01. Innenbeinlänge? *48cm mit Schuhen *
02. Größe? *112cm mit Schuhen*
03. Alter? *5 Jahre und 3 Monate*
04. Kann Sie/Er schon fahren, wenn ja wie gut/lange schon? *Seit 1,5 Jahren, kommt sehr gut im Wald zurecht*
05. Was bist Du bereit auszugeben? *800€, dann sollte aber alles passen*
06. Kannst Du selber schrauben? *prinzipiell ja*
07. Willst Du selber schrauben? *jein - alle Anbauteile tauschen ist kein Problem, Arbeiten an Rahmen, Kurbeln, etc. oder sehr aufwändige Umbaumaßnahmen möchte ich eigentlich vermeiden*
08. Hast Du eine Teilekiste im Keller auf die zurückgegriffen werden kann? *wenige Teile vorhanden, z.B. alte 10-fach X9/XT Kassetten, X9 Schaltwerk, X9 Trigger, div. Kettenblätter (28, 30, 32) vorhanden*
09. Wofür soll das Bike eingesetzt werden? *Singletrails*
10. Wie ist das Gelände bei Euch (steil/Straße/Wald etc.)? *hügelig, Wald*

Da das Bike erst im Frühjahr zum Einsatz kommen soll, gehe ich davon aus, dass der Junior noch den einen oder anderen Zentimeter drauflegt, weshalb ich mir auch unsicher bin ob ich nicht gleich 20" überspringen und gleich auf 24" gehen soll. Den 29er Gedanken bei Kinderbikes finde ich die richtige Entwicklung, allerdings mangelt es an erschwinglichen Alternativen.

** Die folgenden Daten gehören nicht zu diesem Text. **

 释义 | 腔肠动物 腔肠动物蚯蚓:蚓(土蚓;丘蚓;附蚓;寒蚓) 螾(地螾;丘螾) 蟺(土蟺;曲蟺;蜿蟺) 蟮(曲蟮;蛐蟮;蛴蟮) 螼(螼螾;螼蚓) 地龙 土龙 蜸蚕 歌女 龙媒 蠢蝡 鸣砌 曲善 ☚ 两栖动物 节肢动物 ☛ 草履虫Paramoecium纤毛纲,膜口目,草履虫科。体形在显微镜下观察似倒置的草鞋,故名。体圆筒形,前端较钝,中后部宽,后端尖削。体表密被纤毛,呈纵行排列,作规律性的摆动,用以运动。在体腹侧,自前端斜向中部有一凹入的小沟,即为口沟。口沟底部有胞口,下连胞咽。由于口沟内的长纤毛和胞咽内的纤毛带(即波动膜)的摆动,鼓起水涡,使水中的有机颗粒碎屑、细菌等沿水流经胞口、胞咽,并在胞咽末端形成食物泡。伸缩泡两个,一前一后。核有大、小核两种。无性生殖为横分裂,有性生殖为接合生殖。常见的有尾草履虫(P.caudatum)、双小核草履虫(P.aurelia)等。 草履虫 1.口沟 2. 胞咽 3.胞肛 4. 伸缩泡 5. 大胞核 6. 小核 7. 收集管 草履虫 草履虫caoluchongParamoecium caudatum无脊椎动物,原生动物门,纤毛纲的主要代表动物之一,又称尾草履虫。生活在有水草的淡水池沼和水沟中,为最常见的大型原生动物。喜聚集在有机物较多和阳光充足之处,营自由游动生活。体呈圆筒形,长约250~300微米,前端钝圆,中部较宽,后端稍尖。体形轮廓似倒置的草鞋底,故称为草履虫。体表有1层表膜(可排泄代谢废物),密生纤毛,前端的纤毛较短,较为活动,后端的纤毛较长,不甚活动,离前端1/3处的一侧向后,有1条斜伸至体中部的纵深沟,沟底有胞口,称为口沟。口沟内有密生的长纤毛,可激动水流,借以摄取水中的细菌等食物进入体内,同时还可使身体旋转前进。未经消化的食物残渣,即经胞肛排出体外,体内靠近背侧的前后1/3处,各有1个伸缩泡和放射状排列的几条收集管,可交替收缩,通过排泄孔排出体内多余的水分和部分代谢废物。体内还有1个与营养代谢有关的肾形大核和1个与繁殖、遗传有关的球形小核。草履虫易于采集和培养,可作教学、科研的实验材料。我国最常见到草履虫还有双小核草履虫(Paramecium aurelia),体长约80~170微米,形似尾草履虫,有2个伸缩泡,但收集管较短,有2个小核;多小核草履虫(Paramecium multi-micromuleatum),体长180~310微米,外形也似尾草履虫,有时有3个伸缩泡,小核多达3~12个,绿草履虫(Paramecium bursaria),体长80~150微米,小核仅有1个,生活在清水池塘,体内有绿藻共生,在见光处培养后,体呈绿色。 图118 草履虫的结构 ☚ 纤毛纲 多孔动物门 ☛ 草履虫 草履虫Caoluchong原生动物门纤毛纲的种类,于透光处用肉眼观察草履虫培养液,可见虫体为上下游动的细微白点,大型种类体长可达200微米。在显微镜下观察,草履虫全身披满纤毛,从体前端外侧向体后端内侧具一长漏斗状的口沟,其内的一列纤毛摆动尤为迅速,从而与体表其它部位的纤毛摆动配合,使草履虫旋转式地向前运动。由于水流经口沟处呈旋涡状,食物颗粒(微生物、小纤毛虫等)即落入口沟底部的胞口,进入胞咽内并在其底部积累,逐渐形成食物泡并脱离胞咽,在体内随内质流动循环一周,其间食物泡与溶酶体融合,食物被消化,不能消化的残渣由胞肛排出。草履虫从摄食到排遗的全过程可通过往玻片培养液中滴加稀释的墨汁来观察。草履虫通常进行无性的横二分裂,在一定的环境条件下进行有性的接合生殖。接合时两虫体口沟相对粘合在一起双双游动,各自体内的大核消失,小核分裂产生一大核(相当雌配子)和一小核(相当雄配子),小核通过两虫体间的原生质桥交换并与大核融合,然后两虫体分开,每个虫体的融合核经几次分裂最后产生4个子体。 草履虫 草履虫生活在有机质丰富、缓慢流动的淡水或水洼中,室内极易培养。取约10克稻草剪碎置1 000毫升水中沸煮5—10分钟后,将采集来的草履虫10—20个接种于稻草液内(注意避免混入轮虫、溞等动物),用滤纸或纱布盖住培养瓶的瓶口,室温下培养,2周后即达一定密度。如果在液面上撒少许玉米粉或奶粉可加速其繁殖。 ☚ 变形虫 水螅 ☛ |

Das Bike muss auf jeden Fall Scheibenbremsen haben, da Junior ständig über die Bedienkräfte seiner V-Brake jammert, wenn es länger bergab geht.

Was habe ich bisher im Auge:

1. BMC Blast 20 - gefällt mir grundsätzlich gut, mit einem Tubeless Aufbau auch gewichtstechnisch ganz okay
2. Propain Dreckspatz - gefällt mir sehr gut, ist aber vermutlich zu downhilllastig? Preis-/Leistung noch o
3. Naloo Hill Bill 24 (eigentlich zu teuer für das Gebotene)
4. Vitus 20+    - könnte eine gute Basis für mein erstes Tuning Projekt sein. Rahmen gefällt mir gut, ist aber leider momentan ausverkauft und Erfahrungsberichte gibt es auch kaum. Preislich-/Leistung allerdings sehr attraktiv
5. Orbea MX 20 Team Disc - schönes Bike mit ebenfalls gutem Tuning-Potenzial, allerdings deutlich teurer als das Vitus. Long-cage Schaltwerk müsste auch getauscht werden.
6. Orbea Laufey 20 H30 - Geo sieht gut aus; leider recht neu und somit keine Erfahrungsberichte im Netz, vermute aber mal ein relativ hohes Gewicht und einige der Komponenten müssten wahrscheinlich getauscht werden
7. Early Rider Seeker 20 - schöner Nachfolger für sein Belter, allerdings irritiert mich die Herstellerangabe der Innenbeinlänge von 54cm??? Hat damit jemand Erfahrung?  Wie ist das Box-Schaltwerk zu bewerten?
8. Selbstaufbau eines MWORX 24" Rahmens, aber da bin ich mir mit der Innenbeinlänge auch unsicher....allerdings könnte man gleich ordentliche Teile verbauen, weil es ja als 26er weiterverwendet werden kann....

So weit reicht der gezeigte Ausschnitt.